You know, sometimes I really get a big kick out of watching Grace and Frankie. There are times when I feel like Grace – in need to be in control of things, caring too much about what others may think – and there are times when I feel like Frankie – a complete free spirit with confidence in who she is with no remorse or concern with what others may think. Lately, I’ve been feeling a lot like Grace and less like Frankie.

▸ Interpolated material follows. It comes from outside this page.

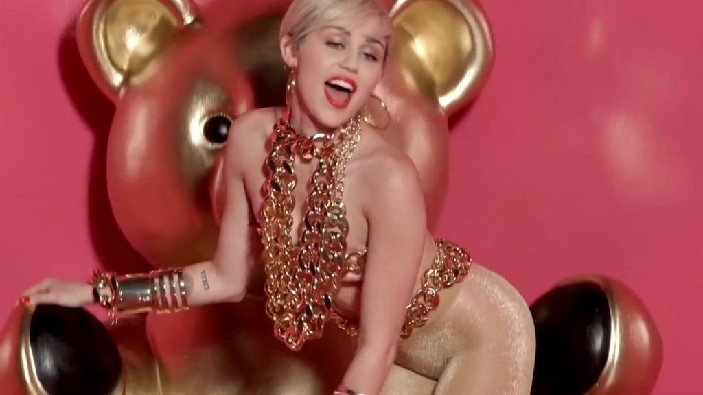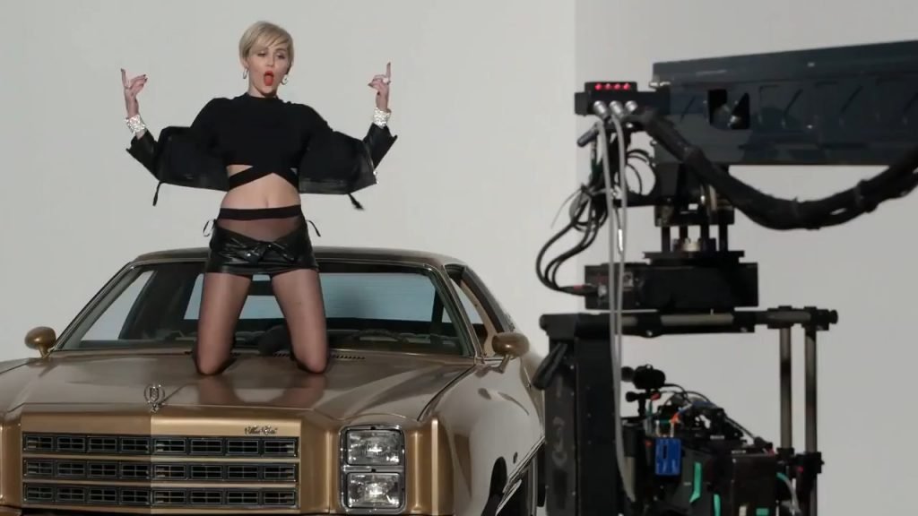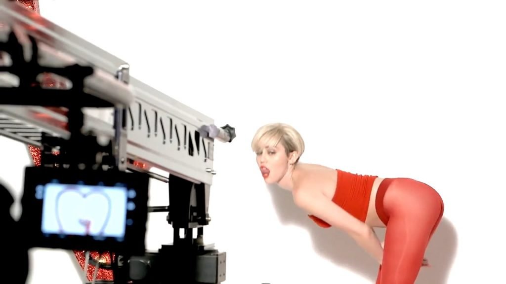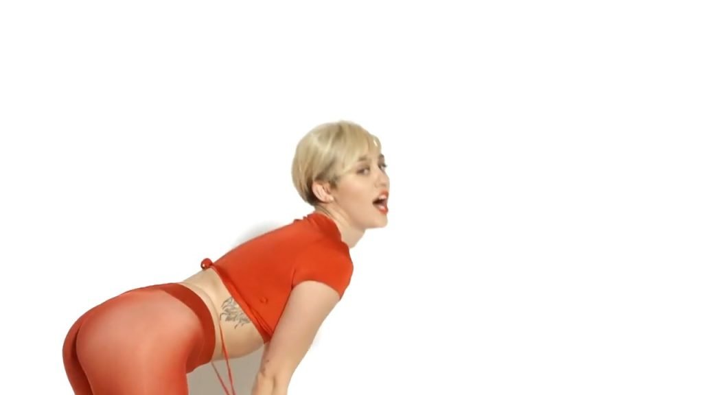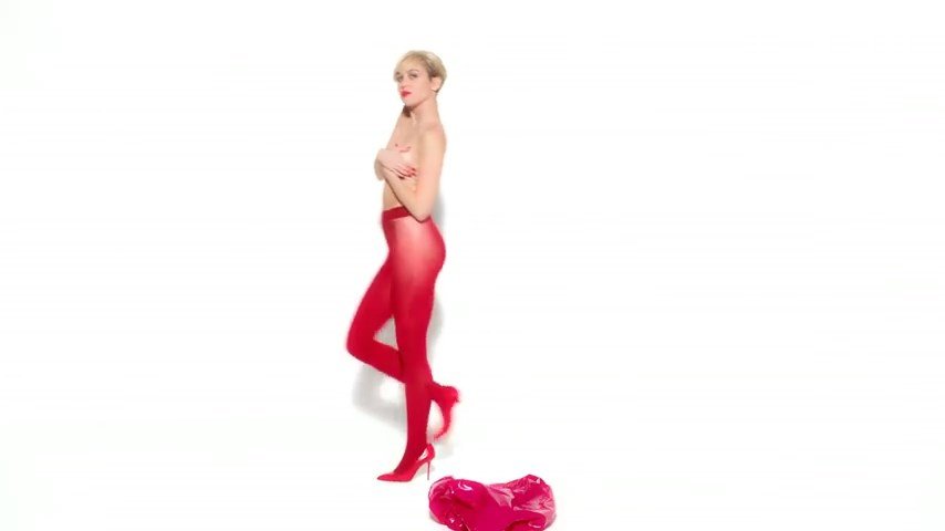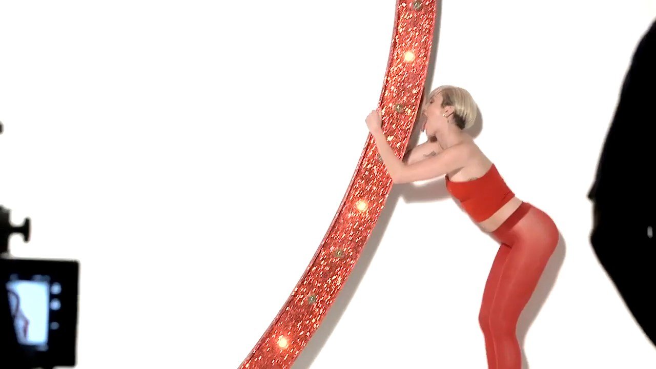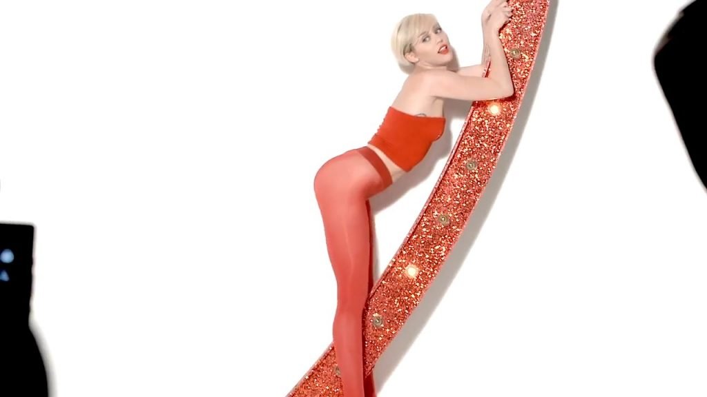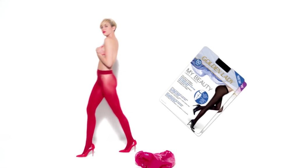 A cantora pop americana Miley Cyrus confirma a imagem da “garota escândalo” neste vídeo promocional de Terry Richardson “Rock Your Legs” para Golden Lady (2014).

I’ve been thinking about the finality of moving out of the house and into my own space, and it’s weird. I’ve been back knowing that I no longer live there, wondering why the feelings have permeated through the hard shell I’ve built up to keep them out. I try not to feel anything, but it doesn’t always work. I know that at the end if the day I have to face my feelings and deal with them head on, and there have been some realizations come about regarding my relationship. I’m not ready to make them known yet, and they may never see the light of this page at all. But they are certainly present, and I’m glad I’ve been able to talk to family and friends about them. Hell, being able to be with and talk to family and friends in general has been wonderful and healing.
I guess now comes step two – moving out. I’ve been ready to do this for a solid week and have been kicking myself for not starting my lease this weekend instead of next weekend. Then I think of the things that happened over this weekend and sort of feel better. Friday I went out with my Texas bff and watched as firemen in kilts played the bagpipes and drums. They came from all over to play at the Keep Tradition Alive day in Lewisville, and you know what? I felt like I was at home in Cleveland on Saint Patrick’s Day. I had goosebumps and chills, and I was so happy. Last night I went to a Rangers game with a couple of co-workers, and we had a blast (it was a hell of a game, too – grand slam home run, extra innings, and a walk off homer to win the game!). Then we went to a local place to play some pool and have a couple drinks. It was a really late night, but it was worth it. I need times and moments like those because I really do genuinely lose myself in the moment and enjoy spending time with my friends.
As things get more real and more final this week, I know I’ll have to deal with my thoughts and emotions and catalogue them in a way that you would catalogue books. I pray for the courage to keep on keeping on and power through my week. I know there’s a reward/light at the end of the tunnel. All I need to do is remind myself that tomorrow is a new day, and that means a clean slate.